What Wall Street Analysts Are Saying
The reactions of analysts who tuned into Apple's (AAPL) earnings call Tuesday, April 23, 2013, were all over the lot. According to CNN Money, there were things they liked, things they didn't and things they have to ponder some more.
I did a quick sampling and a clear majority of the stock analysts lowered Apple's price target considerably from the previous quarter. Many analysts described Apple shares as "Overweight," meaning that there was still room for further declines. Some analysts, in spite of lowering their price target, recommended Apple as a "Buy," while others still believe that Apple "Outperforms" the market meaning that for them Apple still has upside potential. Others mainted "Neutral" or "Hold" positons meaning that Apple share prices are nearing their bottom and the price is likely to rebound, and there is no need to sell at this time.
Here's what a few of them said:
Bernstein's Toni Sacconaghi: Debrief -- Several Puts and Takes; GM Erosion Worrisome, but the Fundamental Debate Remains the Same. Lowers price target to $600 from $725. Maintains Outperform.
"Overall, Apple's FY Q2 results were largely in-line with expectations, with revenues modestly higher and gross margins somewhat weaker. However, guidance was disappointing... On balance, we were pleased with the magnitude of the return, but would have preferred a higher dividend and lower buyback, and a cash return commitment that was expressed as a percentage of free cash flow"
Goldman Sach's Bill Shope: $100 bn capital allocation partly eases sting of big EPS cut. Lowers price target to $500 from $575. Maintains Buy.
"Apple reported better than expected March quarter results, but June quarter guidance was far worse than feared. The financials, however, were partly overshadowed by a remarkably large capital allocation program. Our sense is that the tepid guidance and increasingly depressed earnings trajectory will remain the key focus for investors, and concerns on this front are unlikely to completely subside until it becomes clear that Apple's next product and ecosystem refreshes can begin to form a bottom for earnings power. "

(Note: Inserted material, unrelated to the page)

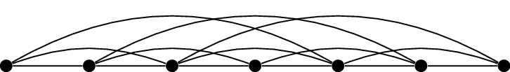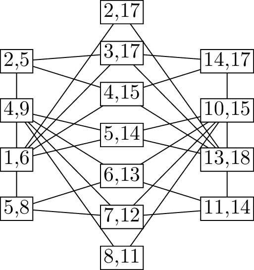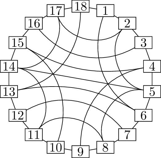 The decisions that we make for different fragments are not entirely independent. For example, edge \(\{1,6\}\) and edge \(\{2,17\}\) would intersect if we drew them both inside the Hamilton cycle, or both outside. To keep track of this information, we define a new graph, called the overlap graph of the cycle \(C\). Its vertices are fragments, and they are adjacent if they “overlap”: if they cannot be drawn on the same side of \(C\).

J.P. Morgan's Mark Moscowitz: Results Beat; Soft Outlook Might Weigh Momentarily; Boost to Dividend/Buyback Could Set the Floor. Lowers price target to $545 from $725. Maintains Overweight.
"We are ... removing Apple from the J.P. Morgan Analyst Focus List, as we think the soft Jun-Q outlook could weigh momentarily and our estimate revisions result in our price target declining 25%. Despite the reset, we think that a compelling part of the stock's risk-reward profile is that upside potential can return to the model moving toward C2014. The company signaled on its Mar-Q earnings call that new products/categories stand to be introduced this fall and in F2014, which could render the softer Jun-Q outlook as near-bottom, in our view."
Deutsche Bank's Chris Whitmore: These Apples won't harvest before fall. Lowers price target to $480 from $575. Maintains Buy.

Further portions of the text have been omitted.